1, тот, который дает вам наивысшую вероятность регистрации.

2, тот, который дает вам наименьшие значения AIC, BIC или BICc (см. Wiki: http://en.wikipedia.org/wiki/Akaike_information_criterion , в основном можно рассматривать как логарифмическое правдоподобие, скорректированное на количество параметров, так как распределение с большим количеством параметры, как ожидается, будут лучше соответствовать)
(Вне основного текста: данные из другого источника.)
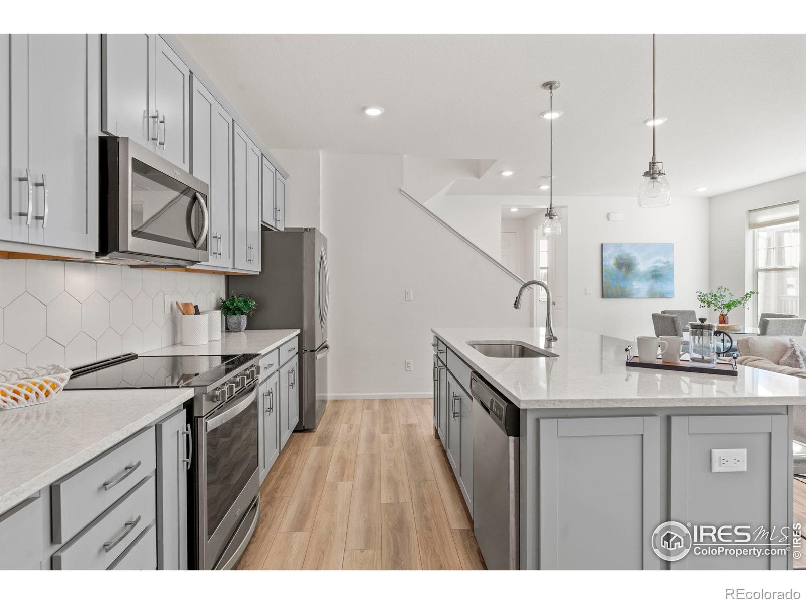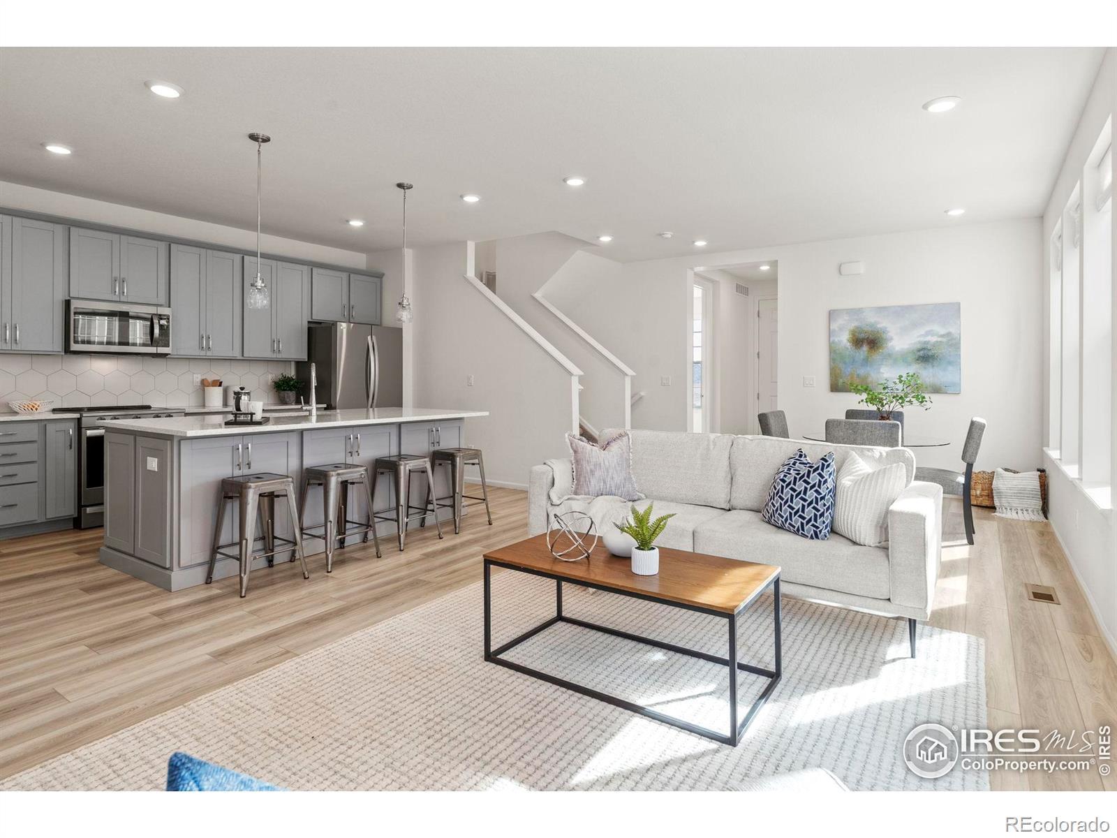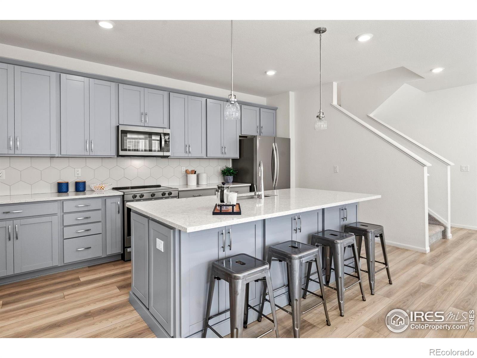 Newer and beautifully designed, this spacious townhome with a fully finished basement offers an ideal combination of style, functionality, and a prime location near top-rated K-8 Meadowlark school.Step inside to an open-concept layout filled with natural light, sleek luxury vinyl floors, and modern finishes that create a warm yet contemporary vibe. The kitchen is a chef's delight, showcasing quartz countertops, stainless steel appliances, a generous island, and plenty of cabinetry to meet all your culinary needs. The adjoining living area is both cozy and expansive, with large windows that frame picturesque views.Upstairs, unwind in the serene primary suite, complete with a spa-like en-suite bathroom and a walk-in closet. Two additional bedrooms and a versatile loft provide ample space for guests, a home office, or your favorite hobbies.Step outside, and you'll find the community park with a playground just a stone's throw away. A covered porch invites you to relax and enjoy the outdoors in any season. Don't miss the opportunity to make this your new home-schedule a showing today and start living the lifestyle you've been dreaming of!

3, тот, который максимизирует байесовскую заднюю вероятность. (см. wiki: http://en.wikipedia.org/wiki/Posterior_probability )

Конечно, если у вас уже есть дистрибутив, который должен описывать ваши данные (на основе теорий в вашем конкретном поле) и вы хотите придерживаться этого, вы пропустите шаг определения наилучшего соответствия.
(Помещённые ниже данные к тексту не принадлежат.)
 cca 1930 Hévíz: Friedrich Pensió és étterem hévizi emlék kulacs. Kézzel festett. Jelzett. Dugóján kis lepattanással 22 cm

scipy не имеет функции для вычисления вероятности регистрации (хотя метод MLE предоставляется), но жесткий код один из них прост: см. Функции встроенной функции плотности вероятности `scipy.stat.distributions` медленнее, чем предоставленный пользователем?

AFAICU, ваше распределение дискретно (и ничего, кроме дискретного). Поэтому просто подсчитывать частоты разных значений и нормализовать их должно быть достаточно для ваших целей. Итак, пример, чтобы продемонстрировать это:

 In []: values= [0, 0, 0, 0, 0, 1, 1, 1, 1, 2, 2, 2, 3, 3, 4] In []: counts= asarray(bincount(values), dtype= float) In []: cdf= counts.cumsum()/ counts.sum() 

Таким образом, вероятность видеть значения выше 1 просто (в соответствии с дополнительной кумулятивной функцией распределения (ccdf) :

 In []: 1- cdf[1] Out[]: 0.40000000000000002 

Обратите внимание: ccdf тесно связан с функцией выживания (sf) , но он также определяется с дискретными распределениями, тогда как sf определяется только для смежных распределений.

Это звучит как проблема оценки плотности вероятности для меня.

 from scipy.stats import gaussian_kde occurences = [0,0,0,0,..,1,1,1,1,...,2,2,2,2,...,47] values = range(0,48) kde = gaussian_kde(map(float, occurences)) p = kde(values) p = p/sum(p) print "P(x>=1) = %f" % sum(p[1:]) 

Также см. http://jpktd.blogspot.com/2009/03/using-gaussian-kernel-density.html .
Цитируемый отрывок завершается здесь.